In the 2007 Gran Consiglio election, there were a total of 356 registered voters in Brusino Arsizio, of which 237 or 66.6% voted. 2 blank ballots were cast, leaving 235 valid ballots in the election. The most popular party was the PPD+GenGiova which received 55 or 23.4% of the vote. The next three most popular parties were; the PS (with 52 or 22.1%), the PLRT (with 42 or 17.9%) and the SSI (with 34 or 14.5%).

In the 2007 Consiglio di Stato election, 4 blank ballots were cast, leaving 233 valid ballots in the election. The most popular party was the PS which received 58 or 24.9% of the vote. The next three most popular parties were; the PPD (with 49 or 21.0%), the PLRT (with 45 or 19.3%) and the LEGA (with 37 or 15.9%).

==Economy==
As of In 2007 2007, Brusino Arsizio had an unemployment rate of 3.44%. As of 2005, there were 9 people employed in the primary economic sector and about 1 business involved in this sector. 5 people were employed in the secondary sector and there were 2 businesses in this sector. 126 people were employed in the tertiary sector, with 23 businesses in this sector. There were 207 residents of the municipality who were employed in some capacity, of which females made up 40.6% of the workforce.

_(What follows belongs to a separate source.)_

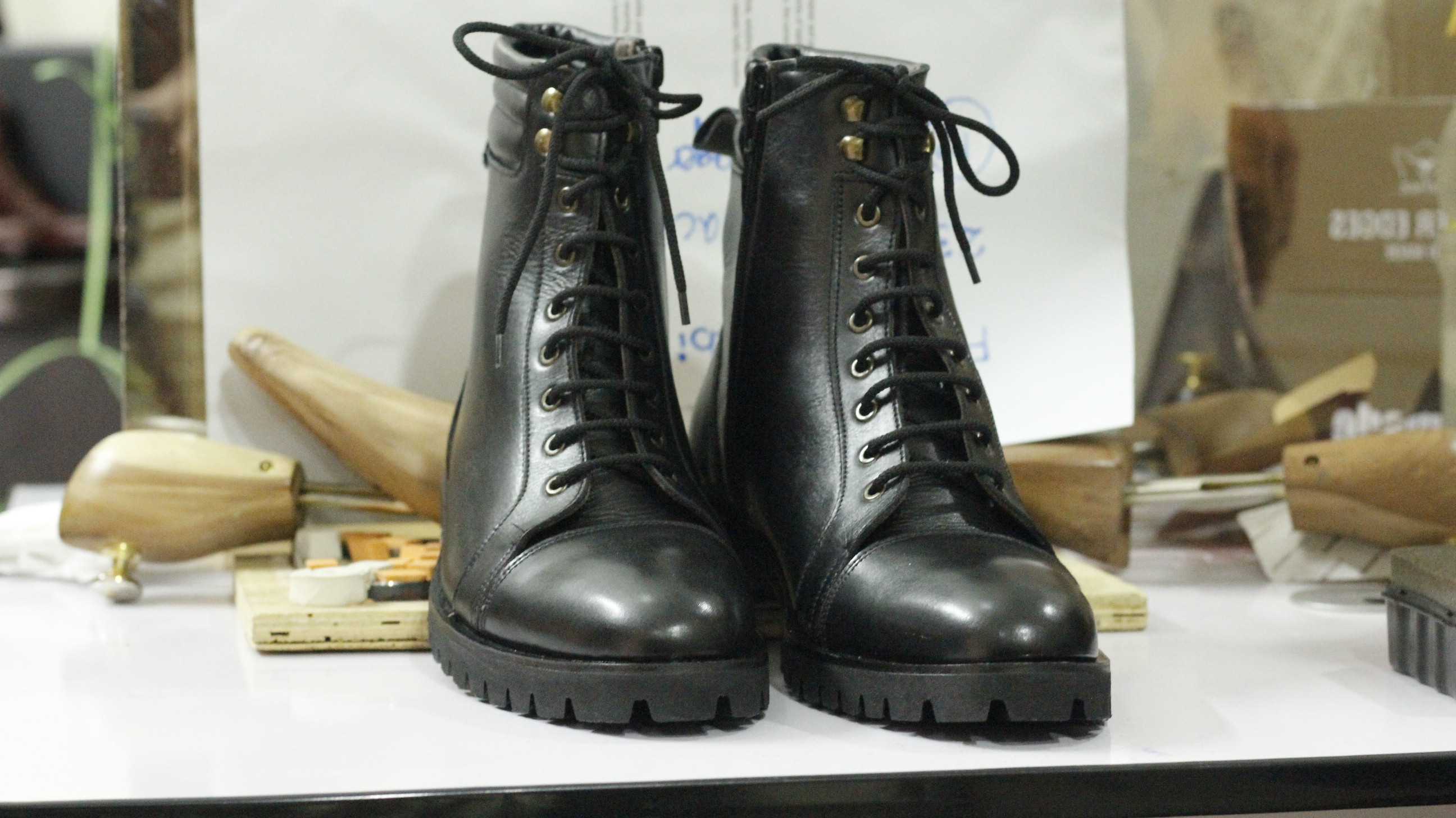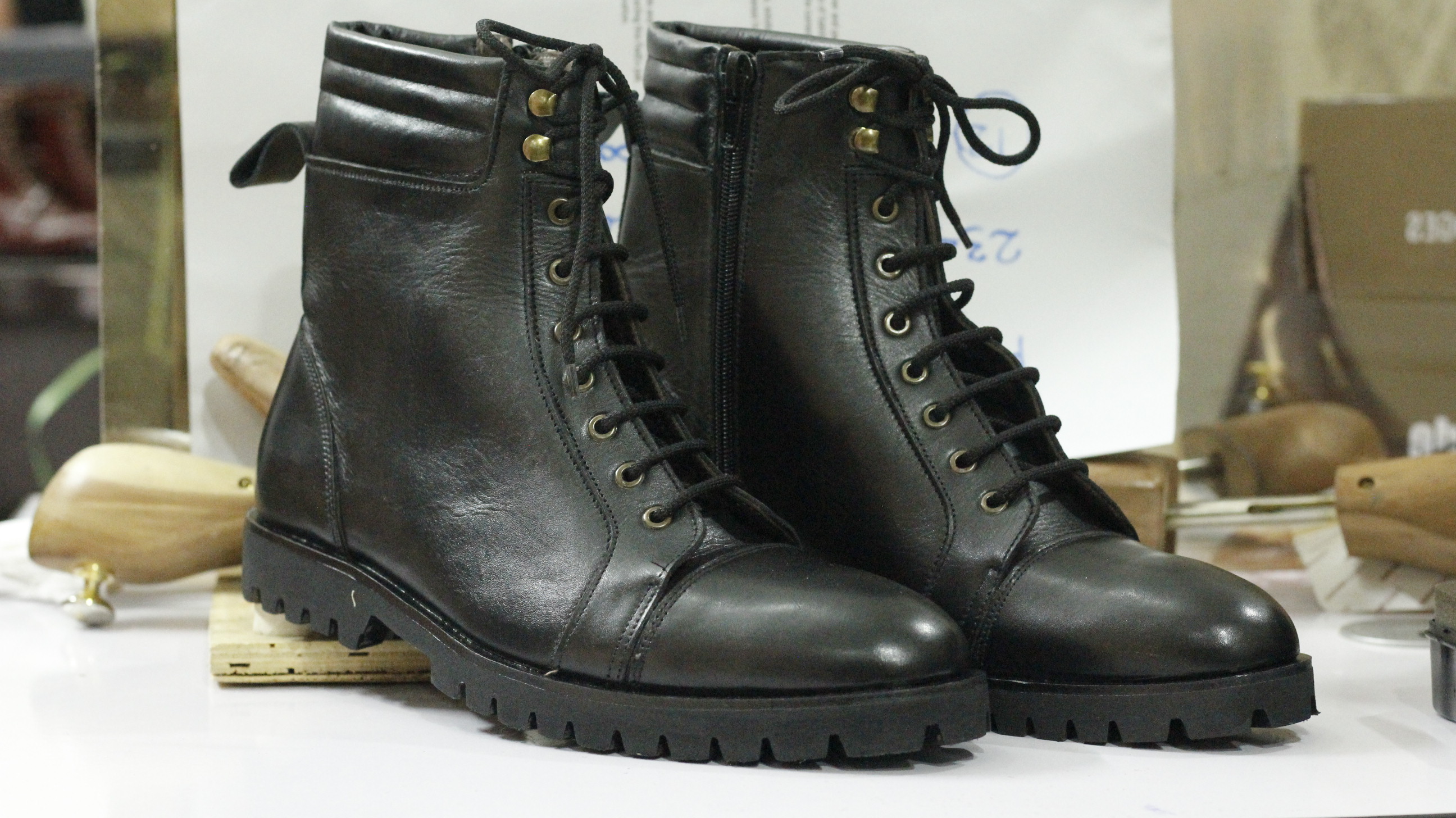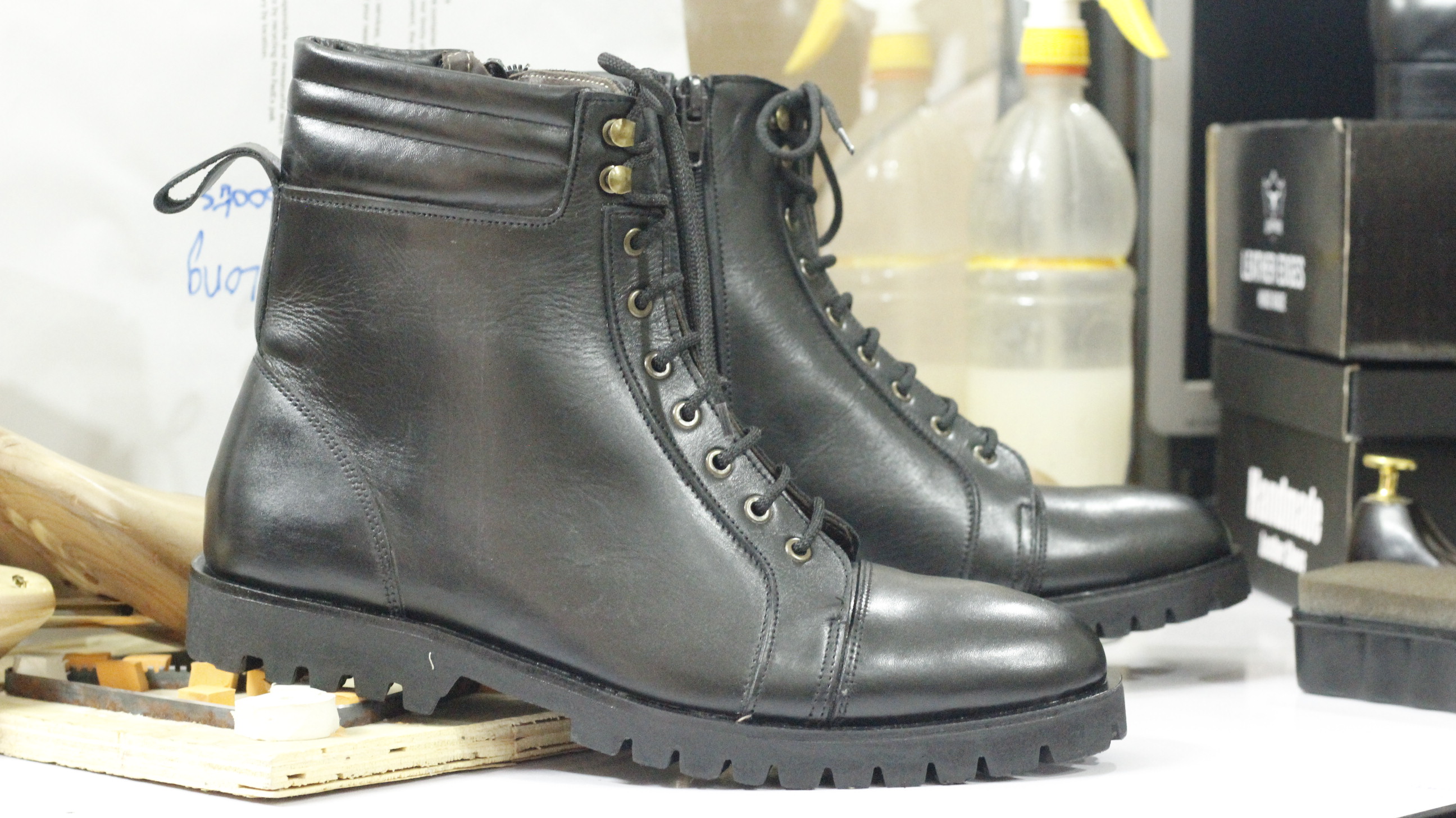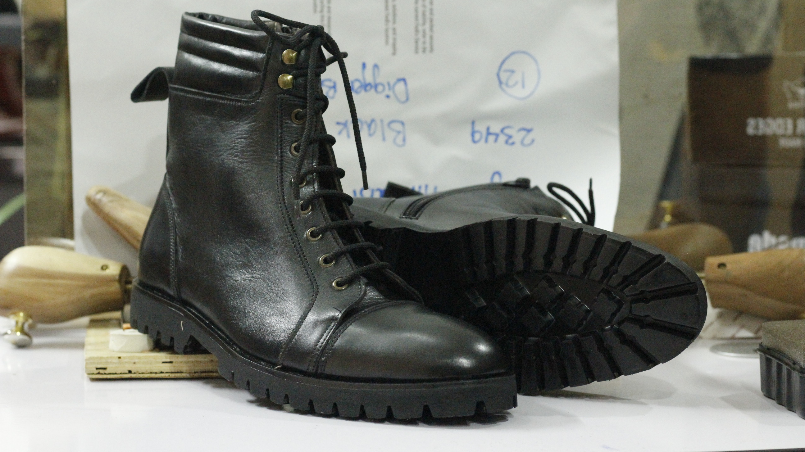 Men's Black Leather Boot Cap Toe Lace Up Foot Wear

In 2000, there were 126 workers who commuted into the municipality and 148 workers who commuted away. The municipality is a net exporter of workers, with about 1.2 workers leaving the municipality for every one entering. About 40.5% of the workforce coming into Brusino Arsizio are coming from outside Switzerland. Of the working population, 5.3% used public transportation to get to work, and 72.5% used a private car.

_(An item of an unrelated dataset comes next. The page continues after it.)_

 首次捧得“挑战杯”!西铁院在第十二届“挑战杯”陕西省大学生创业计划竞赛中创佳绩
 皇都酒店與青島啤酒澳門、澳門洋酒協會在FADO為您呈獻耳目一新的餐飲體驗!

As of 2009, there were 3 hotels in Brusino Arsizio with a total of 119 rooms and 175 beds.

==Religion==
From the 2000 census, 361 or 79.5% were Roman Catholic, while 40 or 8.8% belonged to the Swiss Reformed Church. There are 41 individuals (or about 9.03% of the population) who belong to another church (not listed on the census), and 12 individuals (or about 2.64% of the population) did not answer the question.

==Education==
The entire Swiss population is generally well educated. In Brusino Arsizio about 78.2% of the population (between age 25–64) have completed either non-mandatory upper secondary education or additional higher education (either university or a Fachhochschule).

In Brusino Arsizio there were a total of 54 students (As of 2009). The Ticino education system provides up to three years of non-mandatory kindergarten and in Brusino Arsizio there were 5 children in kindergarten. The primary school program lasts for five years. In the municipality, 12 students attended the standard primary schools. In the lower secondary school system, students either attend a two-year middle school followed by a two-year pre-apprenticeship or they attend a four-year program to prepare for higher education. There were 14 students in the two-year middle school, while 9 students were in the four-year advanced program.

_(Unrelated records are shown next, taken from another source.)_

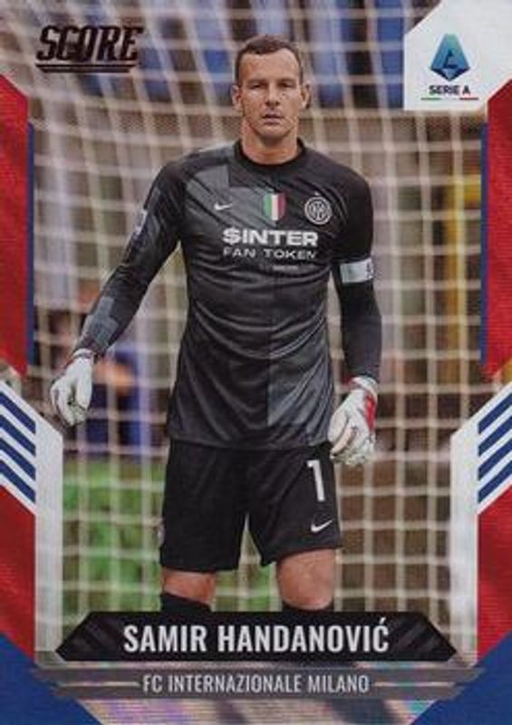 The Samir Handanovic 2021 Score Serie A #1 Red Lava card is 1 of 26 Samir Handanovic's card variations in the 2021 Score Serie A set being tracked by Sports Card Investor, including Base, Red Laser, Orange Lava /99, Blue Laser /49, and Blue Lava /49.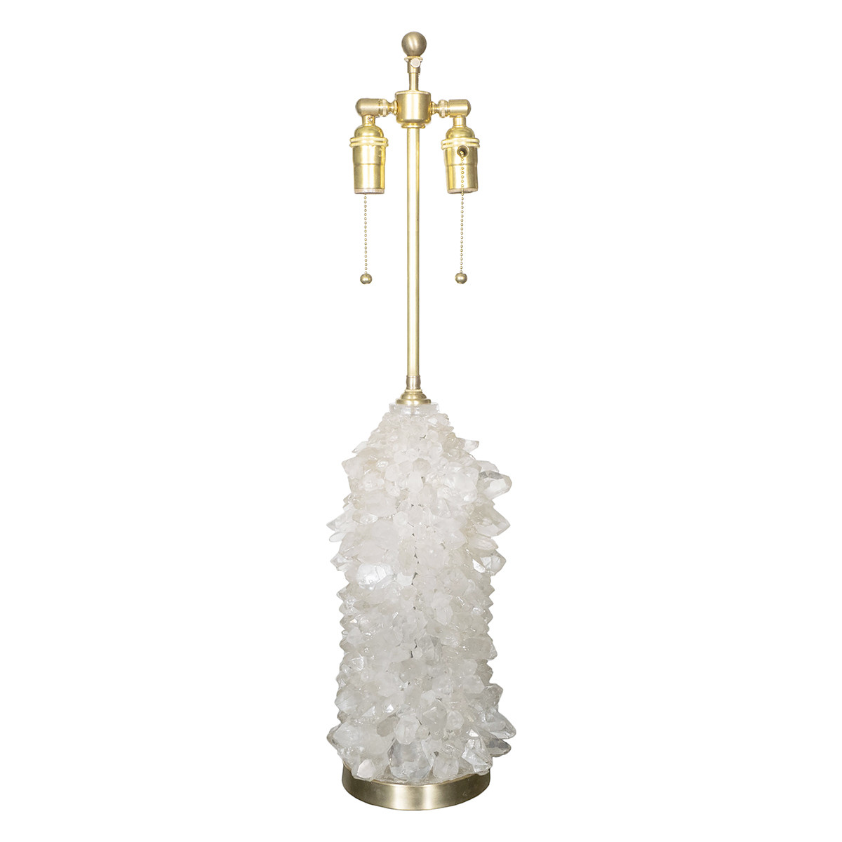 Handcrafted rock crystal quartz lamps composed of stacked pentagonal elements.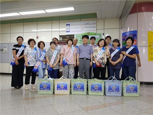 특히, 온열질환에 취약한 노인들과 장애인들이 많이 이용하는 시간대인 15시~16시 사이에 진행됐으며, 더불어 도시철도 이용고객들에게 부채 2000여개도 배부했다.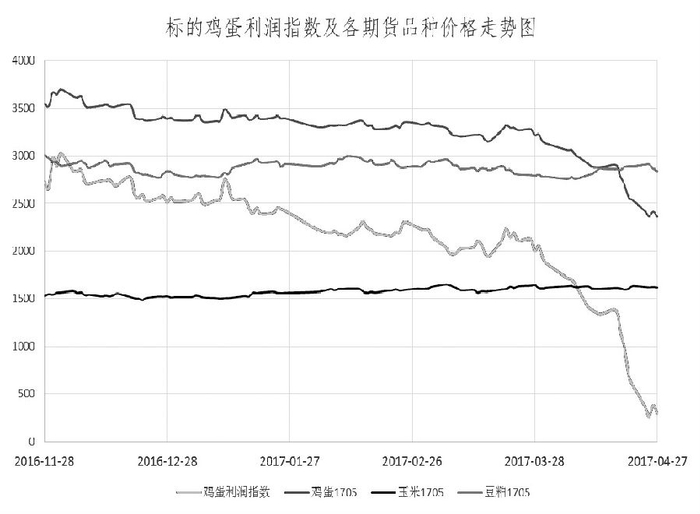 鸡蛋利润套保指数(每吨)=销售价格-进货成本=每吨鸡蛋价格-(1.725吨玉米+0.575吨豆粕价格)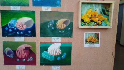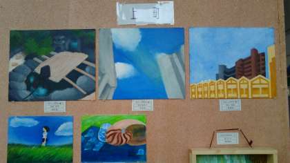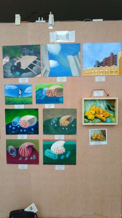 美術部は全員が油絵を出品しました。風景画、静物画で、実際に立体に色づけをして表現している作品もあり、驚かされました。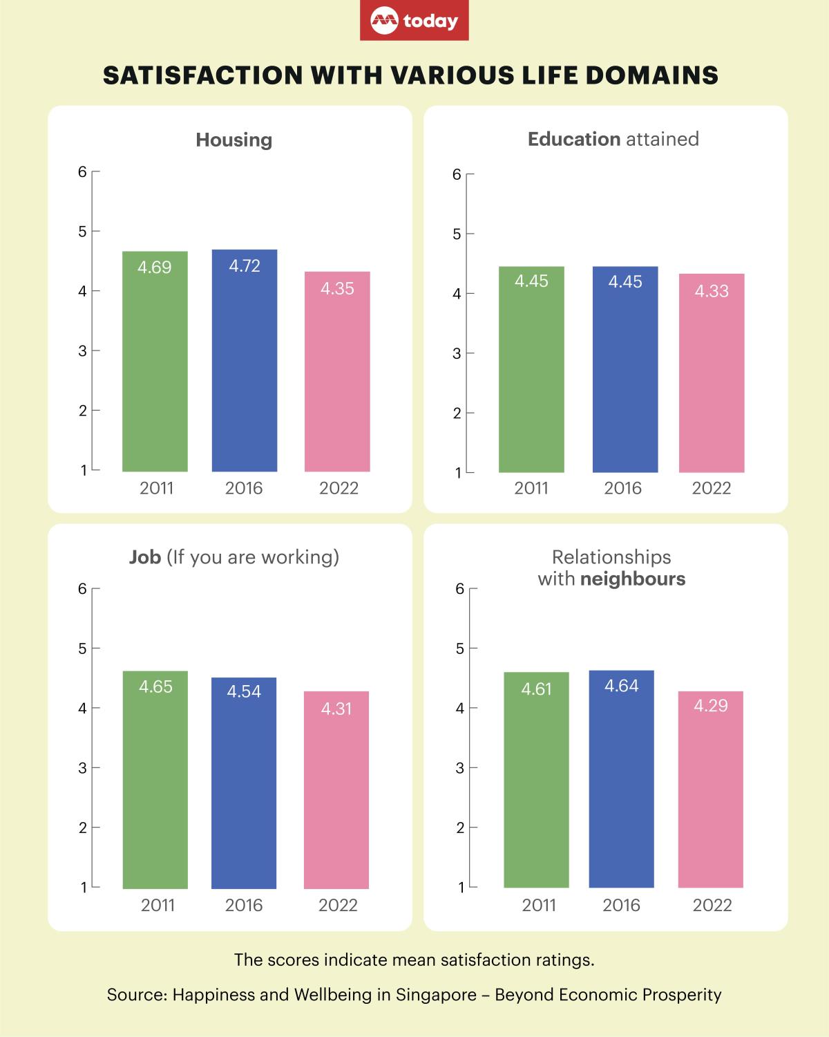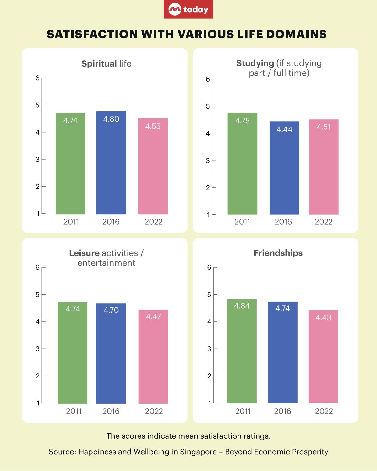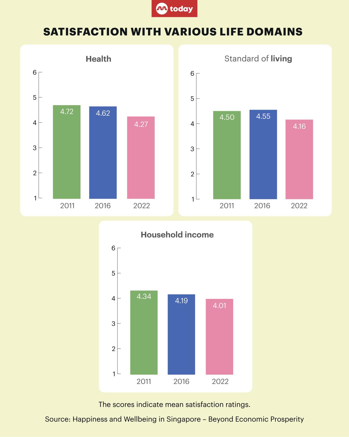 - The 2022 Quality of Life survey also found that from 2016 to 2022, Singaporeans have enjoyed life less and have felt a decreased sense of achievement, control and purpose

The upper secondary school includes several options, but at the end of the upper secondary program, a student will be prepared to enter a trade or to continue on to a university or college. In Ticino, vocational students may either attend school while working on their internship or apprenticeship (which takes three or four years) or may attend school followed by an internship or apprenticeship (which takes one year as a full-time student or one and a half to two years as a part-time student). There were 7 vocational students who were attending school full-time and 4 who attend part-time.

The professional program lasts three years and prepares a student for a job in engineering, nursing, computer science, business, tourism and similar fields. There were 3 students in the professional program.

As of 2000, there were 49 students from Brusino Arsizio who attended schools outside the municipality.